LISTED ENTRIES.
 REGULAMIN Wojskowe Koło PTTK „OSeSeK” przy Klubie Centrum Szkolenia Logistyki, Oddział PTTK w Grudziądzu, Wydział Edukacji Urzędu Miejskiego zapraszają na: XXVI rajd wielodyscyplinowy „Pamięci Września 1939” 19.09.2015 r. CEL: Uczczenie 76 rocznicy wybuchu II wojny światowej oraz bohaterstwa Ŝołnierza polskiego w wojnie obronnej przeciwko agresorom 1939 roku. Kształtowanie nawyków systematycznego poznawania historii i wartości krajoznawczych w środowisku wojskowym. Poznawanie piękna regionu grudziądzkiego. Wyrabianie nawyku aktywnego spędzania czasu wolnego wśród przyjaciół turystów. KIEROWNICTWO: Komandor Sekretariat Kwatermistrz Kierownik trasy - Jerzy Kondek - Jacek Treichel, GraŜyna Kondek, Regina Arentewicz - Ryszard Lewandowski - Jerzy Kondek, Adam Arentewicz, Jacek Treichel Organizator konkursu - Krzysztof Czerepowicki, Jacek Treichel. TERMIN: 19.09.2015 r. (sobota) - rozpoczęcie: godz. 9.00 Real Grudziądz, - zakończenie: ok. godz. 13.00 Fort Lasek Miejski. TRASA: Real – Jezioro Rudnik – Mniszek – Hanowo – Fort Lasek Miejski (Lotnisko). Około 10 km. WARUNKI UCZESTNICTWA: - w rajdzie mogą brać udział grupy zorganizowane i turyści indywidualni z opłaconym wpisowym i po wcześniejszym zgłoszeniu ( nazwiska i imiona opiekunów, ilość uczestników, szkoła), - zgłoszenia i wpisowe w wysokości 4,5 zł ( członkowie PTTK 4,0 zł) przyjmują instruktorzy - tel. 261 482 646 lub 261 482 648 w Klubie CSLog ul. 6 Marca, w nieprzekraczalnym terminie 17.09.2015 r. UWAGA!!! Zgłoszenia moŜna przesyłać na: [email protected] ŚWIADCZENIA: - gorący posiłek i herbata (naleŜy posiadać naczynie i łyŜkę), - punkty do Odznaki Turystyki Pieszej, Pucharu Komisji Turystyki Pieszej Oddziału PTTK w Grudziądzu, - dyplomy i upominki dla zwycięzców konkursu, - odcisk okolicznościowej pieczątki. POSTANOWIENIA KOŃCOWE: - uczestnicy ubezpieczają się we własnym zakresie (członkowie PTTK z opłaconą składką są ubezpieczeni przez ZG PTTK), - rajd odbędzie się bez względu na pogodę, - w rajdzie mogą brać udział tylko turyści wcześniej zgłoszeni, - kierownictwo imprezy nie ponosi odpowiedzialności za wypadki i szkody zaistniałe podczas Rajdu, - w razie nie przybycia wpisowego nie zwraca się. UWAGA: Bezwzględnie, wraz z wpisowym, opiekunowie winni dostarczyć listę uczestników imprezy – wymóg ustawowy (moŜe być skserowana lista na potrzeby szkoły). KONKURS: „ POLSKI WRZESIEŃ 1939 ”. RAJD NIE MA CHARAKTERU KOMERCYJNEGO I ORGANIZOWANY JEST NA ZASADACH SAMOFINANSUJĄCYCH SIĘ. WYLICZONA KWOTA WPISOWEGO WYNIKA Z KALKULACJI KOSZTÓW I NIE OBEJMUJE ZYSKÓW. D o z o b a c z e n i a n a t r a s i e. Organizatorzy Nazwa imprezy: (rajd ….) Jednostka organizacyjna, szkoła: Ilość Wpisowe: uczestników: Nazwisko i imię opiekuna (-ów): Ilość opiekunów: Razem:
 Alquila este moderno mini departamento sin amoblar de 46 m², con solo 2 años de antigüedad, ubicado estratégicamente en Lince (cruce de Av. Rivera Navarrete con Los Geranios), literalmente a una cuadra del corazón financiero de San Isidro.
---
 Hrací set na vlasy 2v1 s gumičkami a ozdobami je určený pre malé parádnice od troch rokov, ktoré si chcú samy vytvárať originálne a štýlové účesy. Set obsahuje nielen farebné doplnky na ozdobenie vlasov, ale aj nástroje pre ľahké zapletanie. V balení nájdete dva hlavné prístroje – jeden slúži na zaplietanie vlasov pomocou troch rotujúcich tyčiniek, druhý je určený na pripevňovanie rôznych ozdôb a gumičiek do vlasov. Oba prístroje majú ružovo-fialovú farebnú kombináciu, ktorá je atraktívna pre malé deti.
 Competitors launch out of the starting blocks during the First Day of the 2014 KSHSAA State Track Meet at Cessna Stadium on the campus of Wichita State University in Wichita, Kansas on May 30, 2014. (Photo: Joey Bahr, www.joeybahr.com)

INSTRUCTIONS FOR THE TASK. From the records above, reproduce exactly the lines from the one with "Hrací set na" to the one with "Competitors launch out", both included, and no others.

ANSWER TO THE EXERCISE.
 Hrací set na vlasy 2v1 s gumičkami a ozdobami je určený pre malé parádnice od troch rokov, ktoré si chcú samy vytvárať originálne a štýlové účesy. Set obsahuje nielen farebné doplnky na ozdobenie vlasov, ale aj nástroje pre ľahké zapletanie. V balení nájdete dva hlavné prístroje – jeden slúži na zaplietanie vlasov pomocou troch rotujúcich tyčiniek, druhý je určený na pripevňovanie rôznych ozdôb a gumičiek do vlasov. Oba prístroje majú ružovo-fialovú farebnú kombináciu, ktorá je atraktívna pre malé deti.
 Competitors launch out of the starting blocks during the First Day of the 2014 KSHSAA State Track Meet at Cessna Stadium on the campus of Wichita State University in Wichita, Kansas on May 30, 2014. (Photo: Joey Bahr, www.joeybahr.com)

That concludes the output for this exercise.